Die Klägerin ist in dem vorliegend streitbefangenen Zeitraum der Qualifikationsgruppe 3 zuzuordnen, wie das SG zutreffend entschieden hat. Auf dessen Begründung in dem angefochtenen Urteil nimmt der Senat in Anwendung von § 153 Abs. 2 SGG zur Vermeidung von Wiederholungen Bezug. Denn die Beklagte hatte insoweit ihre Vermittlungsbemühungen für die Klägerin in erster Linie auf Beschäftigungen zu erstrecken, die eine abgeschlossene Ausbildung in einem Ausbildungsberuf erfordern (vgl § 152 Abs. 2 Satz 2 Nr. 4 SGB III). Da der Gesetzgeber die Suche nach der insoweit maßgeblichen Beschäftigung ausdrücklich auf Tätigkeiten eingeschränkt hat, auf die sich die Vermittlungsbemühungen "in erster Linie" zu erstrecken haben, können nur diejenigen Tätigkeiten für die fiktive Bemessung relevant sein, mit denen die oder der Arbeitslose bestmöglich in den Arbeitsmarkt integriert werden kann (vgl BSG, Urteil vom 3. Dezember 2009 – B 11 AL 42/08 R –). Damit kommt eine Einstufung in eine höhere Qualifikationsgruppe nicht in Betracht. Ungeachtet dessen, dass eine längere Abwesenheit vom Beruf nicht automatisch zum Verlust der entsprechenden Qualifikation führt, ist es nicht ersichtlich, dass eine Vermittlung in die Tätigkeit einer Landschaftsarchitektin bzw –planerin realistisch gewesen wäre, worauf die Klägerin in ihren Einlassungen im Verhandlungstermin beim SG auch selbst zutreffend hingewiesen hat. Hiergegen sprechen sowohl die seinerzeitige – von der Beklagten fachkundig eingeschätzte – allgemeine Arbeitsmarktlage als auch die Tatsache, dass die Klägerin letztlich – bedingt durch die schwierige Arbeitsmarktsituation für Landschaftsarchitekten bzw –planer – seit Dezember 2003 nicht mehr in diesem Beruf gearbeitet hat, sondern fachfremd selbständig ein Einzelhandelsgeschäft betrieben hatte und seit Mai 2014 auch wieder betreibt. Es fehlte und fehlt ihr daher seit vielen Jahren auch die für eine erfolgversprechende Vermittlung erforderliche Berufspraxis als Ingenieurin im Landschaftsbau.
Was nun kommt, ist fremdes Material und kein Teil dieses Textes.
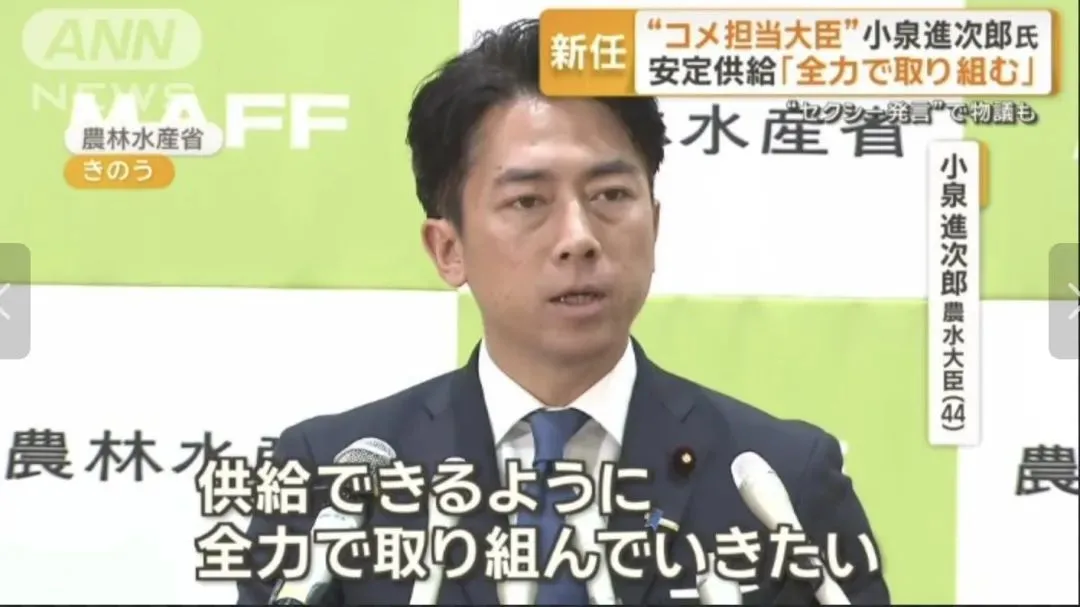作為未來首相熱門人選、前首相小泉純一郎的次子,現年44歲的小泉進次郎幹勁十足,表現出應對“米荒”危機的強烈意願,稱他“將以‘大米擔當大臣’的使命感全力以赴”。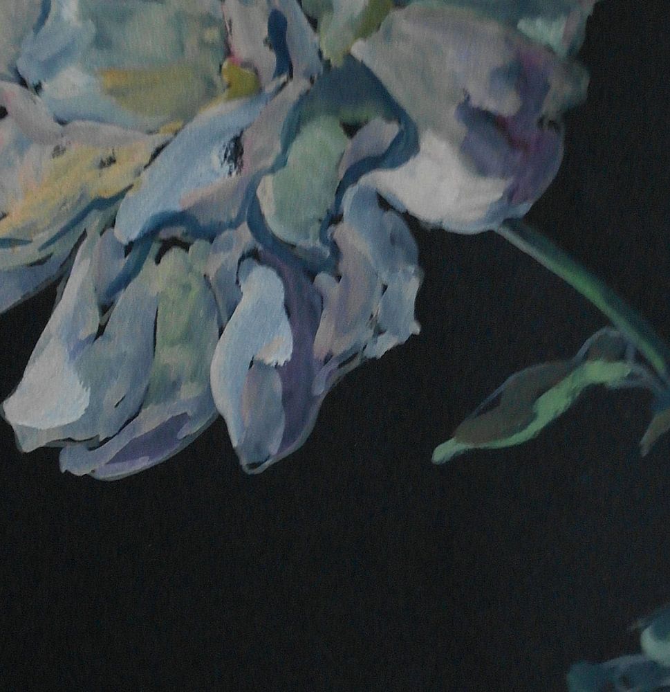Deze sfeervolle tekening toont een delicate witte roos die zacht oplicht tegen een diepe, donkere achtergrond. De subtiele penseelstreken en nuances in lichtblauw, zacht paars en wit geven de bloem een bijna dromerige, schilderachtige uitstraling. Het contrast met de donkere achtergrond versterkt de elegantie en puurheid van de roos,…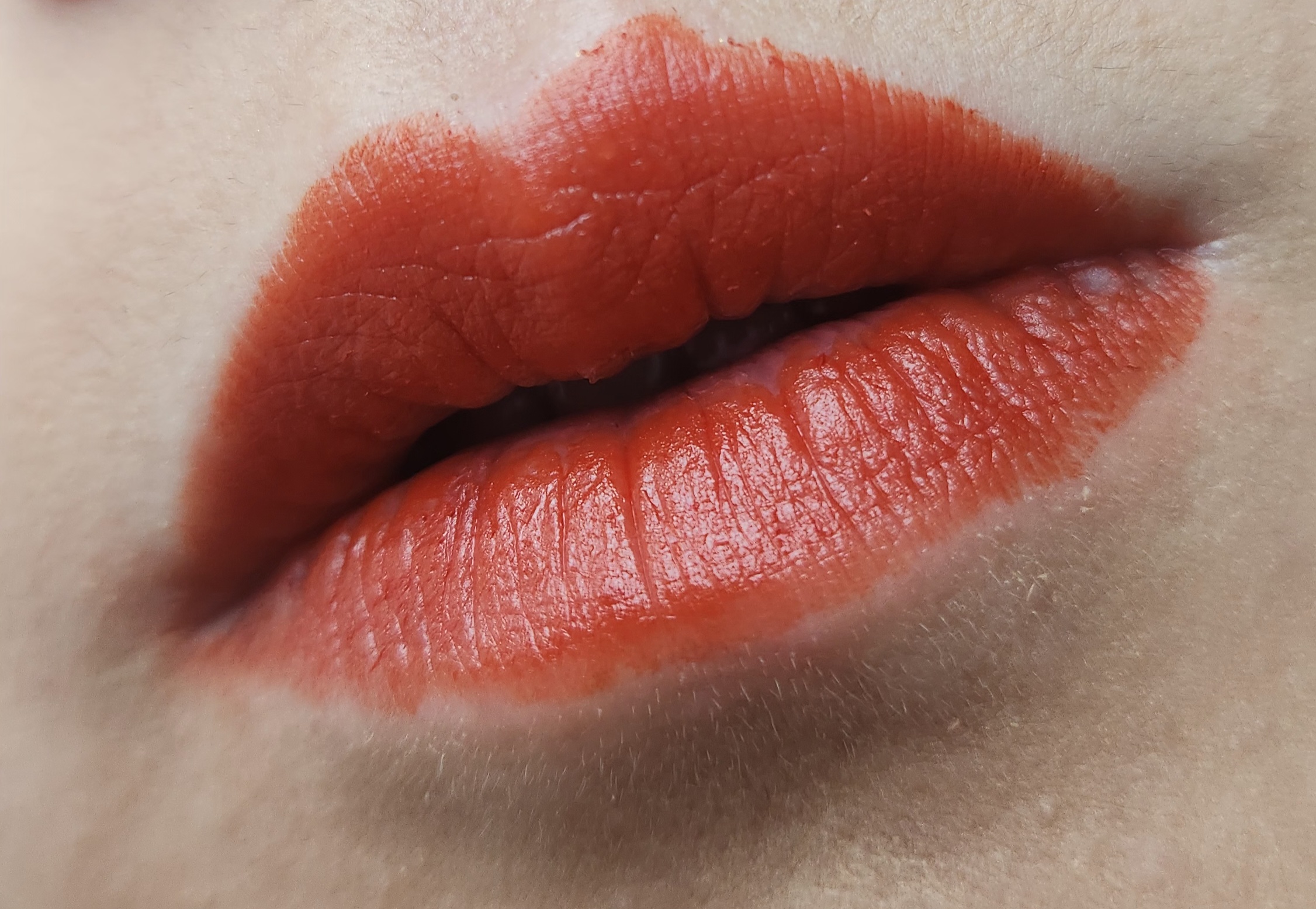 It is very easy to apply as it has a unique soft-glide technology. With one swipe there is enough pigment and colour to only need to apply one coat. It feels very light weight and skin like on the lips. It goes from cream to powder but is not drying and I would say it looks lumi matte as opposed to fully dry matte which is attributed to it’s light-diffusing gel formula. My lips feel hydrated and moisturised from the Jojoba Oil and Organic Olive Oil. It is also really long lasting as I didn’t feel the need to reapply during the day.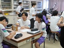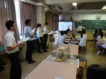 6校時、県教育研修センターの指導主事を講師でお招きして、全員研修会を開催しました。2年2組の理科を参観し、「主体的な問題解決・探究の活動」をテーマに協議しました。生徒たちは、「唾液のはたらき」の学習を通して消化について熱心に取り組んでいました。この研修には、学区の小学校の若手の先生方にもご参加いただきました。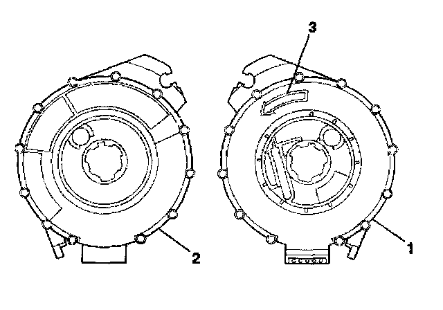 4. If no centering window is present on the front side (3) of the inflatable restraint steering wheel module coil, but a spring service lock (1) is on the back side (2), perform the following steps: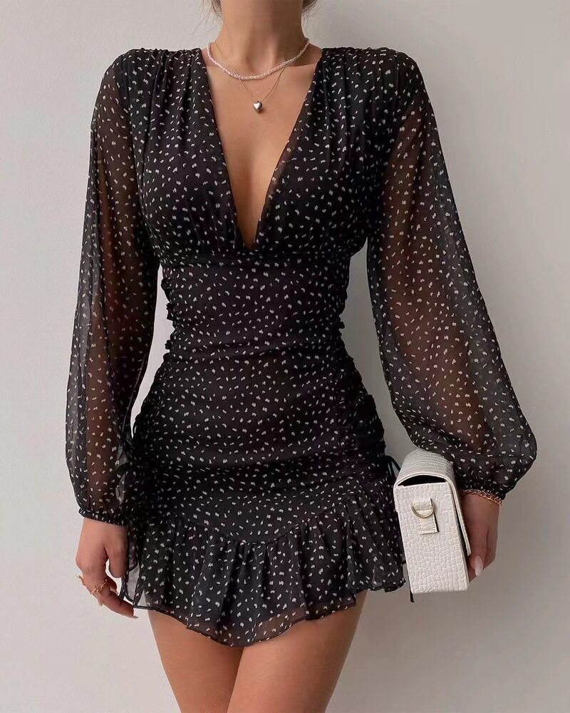 This V-long sleeve dress is designed for casual wear, making it a versatile addition to any wardrobe. Its simple yet chic design makes it suitable for various occasions. The dress features a comfortable V-neck design that ensures a snug yet relaxed fit. It's perfect for those who value both style and comfort in their garments. The dress boasts a eye-catching short length, adding a unique and stylish touch to your outfit. Its short length makes it a standout piece that can effortlessly elevate your fashion game. Made from high-quality materials, this dress promises durability and longevity. It's designed to withstand multiple washes while maintaining its quality and appearance. With its V-neck design, this dress is easy to put on and take off. It's a convenient choice for those who prioritize ease of use in their clothing items. This dress is designed for year-round wear, making it a valuable addition to any wardrobe. Its versatile design allows it to be worn in all seasons.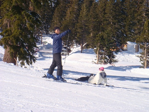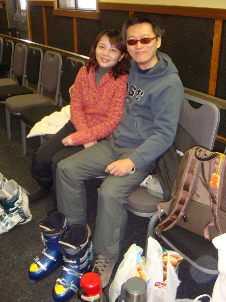 滑雪場甚大,且有好得路多處。毫無滑雪經驗的老包、Lily開始艱辛的適應過程。穿鞋就令人頭疼,Kiwi與Lily的腳不大適應Ski的鞋型,Kiwi滑了三分之一段路程,決定放棄,說下回要試試鞋子大得多的snow board,然後就閃進服務區用眼睛滑雪。老包則很適應這處雪地,所以用了十八種不同的方式熱情的擁抱了這片雪,包括左前翻、右前翻、後翻等,或者倒栽蔥時雪橇飛出去插入跑道外的雪地瞬時無影無蹤,或者衝出跑道而從樹間穿越時陷入雪堆裡幾乎沒頂。直到Bruce提點了老包幾項基本動作,老包才恍然大悟,告別了蹲在雪地上練武的命運。到了第八次從十一號雪道滑下來時,老包已成為Lily的老師,最後甚至「很A」的環抱著Lily左右前進。Nicole帶著小孩不便下場滑雪,Bruce當天發燒感冒,所以也淺嘗即止,但他在短短的時間不僅指導了老包,也充任了漪雯的老師,真是豪情義舉,可敬可佩。Victor與Sally如魚入水,不斷擺pose照起像來。Carol與 Leo每年都要滑個幾回,Carol每回要滑了十幾、二十趟才罷休,而Leo則總要嘗試從山頂往下滑的快感。這次因為時間有限,兩人並未過癮,決定盡快舉辦第二次滑雪之行。有道是,「Kiwi快意上餐館,Leo豪情下山巒」,「Carol快意二十滑,老包顛倒十八摔」,又有云,「Sally擺pose當正妹,Victor抓拍是帥哥」,「Bruce指點兩迷津,Lily轉圈一陣暈」。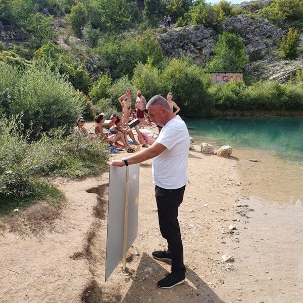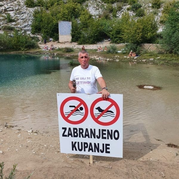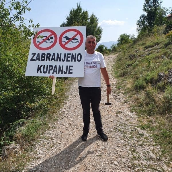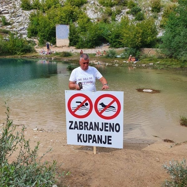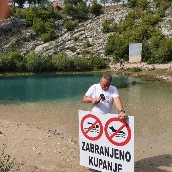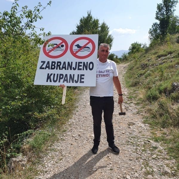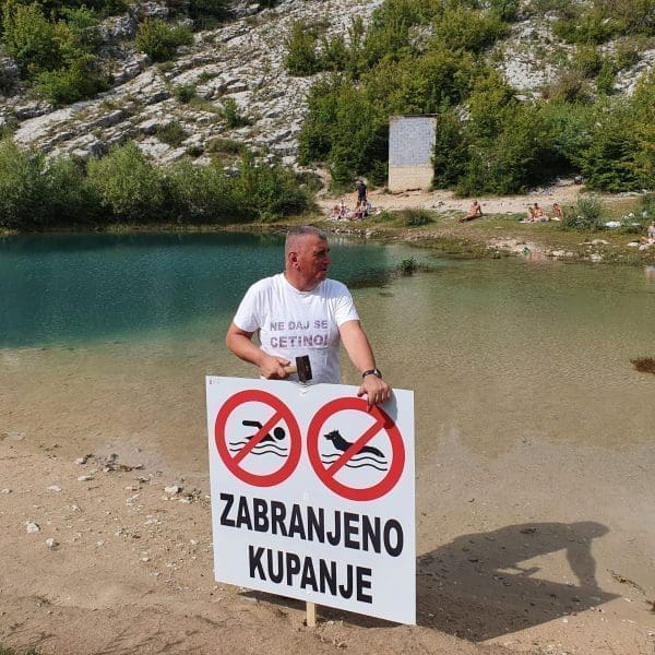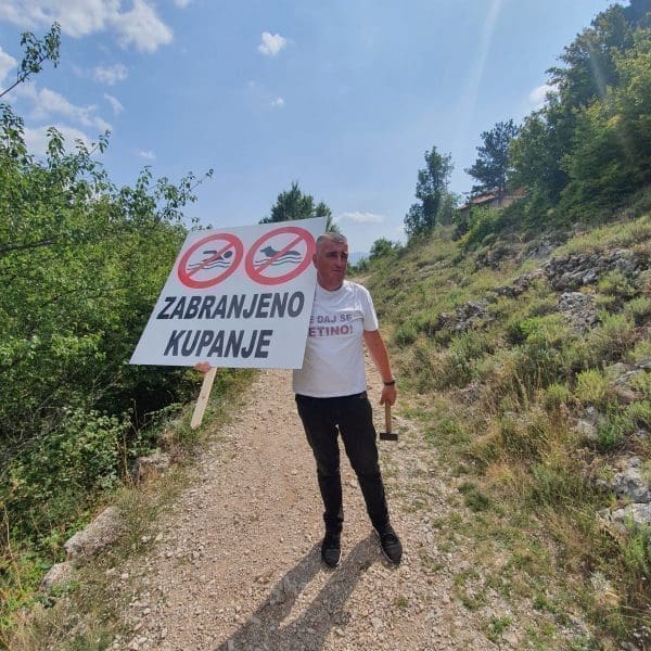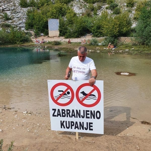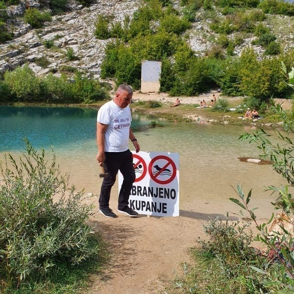 "Pogledajte dragi prijatelji, najljepši izvor svete nam rijeke Cetine, što su napravili od njega. Već su pojedinci postavili ploče, a postavit ću i ja sad jednu jer proglasiti ovo parkom prirode i dozvoliti da se radi što se hoće - to se ne smije", rekao je gradonačelnik Sinja Miro Bulj, koji je danas postavio znak zabrane kupanja na izvoru Cetine.

Nach alledem ist bei einer zutreffenden Zuordnung zur Qualifikationsgruppe 3 von einem Bemessungsentgelt iHv einem Vierhundertfünfzigstel der Bezugsgröße auszugehen (vgl § 152 Abs. 2 Satz 2 Nr 3 SGB III), mithin von 71,86 EUR. Zur Ermittlung des Leistungsentgelts iSd § 153 SGB III sind eine Sozialversicherungspauschale in Höhe von 21 vH des Bemessungsentgelts, die Lohnsteuer nach der Lohnsteuerklasse (hier Lohnsteuerklasse I bzw ab 1. Januar 2014 Lohnsteuerklasse II), die zu Beginn des Jahres, in dem der Anspruch entstanden war, auf der Lohnsteuerkarte des Arbeitslosen eingetragen war, und der Solidaritätszuschlag vom Bemessungsentgelt abzuziehen sind. Das insoweit vom SG ausgeworfene Grundurteil ist nicht zu beanstanden (vgl zur Zulässigkeit eines Grundurteils auch im Höhenstreit: BSG, Urteil vom 18. Mai 2010 – B 7 AL 49/08 R = SozR 4-4300 § 122 Nr 8 Rn 9 mwN).

Die Kostenentscheidung beruht auf § 193 SGG.

Gründe für eine Zulassung der Revision gemäß § 160 Abs. 2 Nrn. 1 oder 2 SGG liegen nicht vor.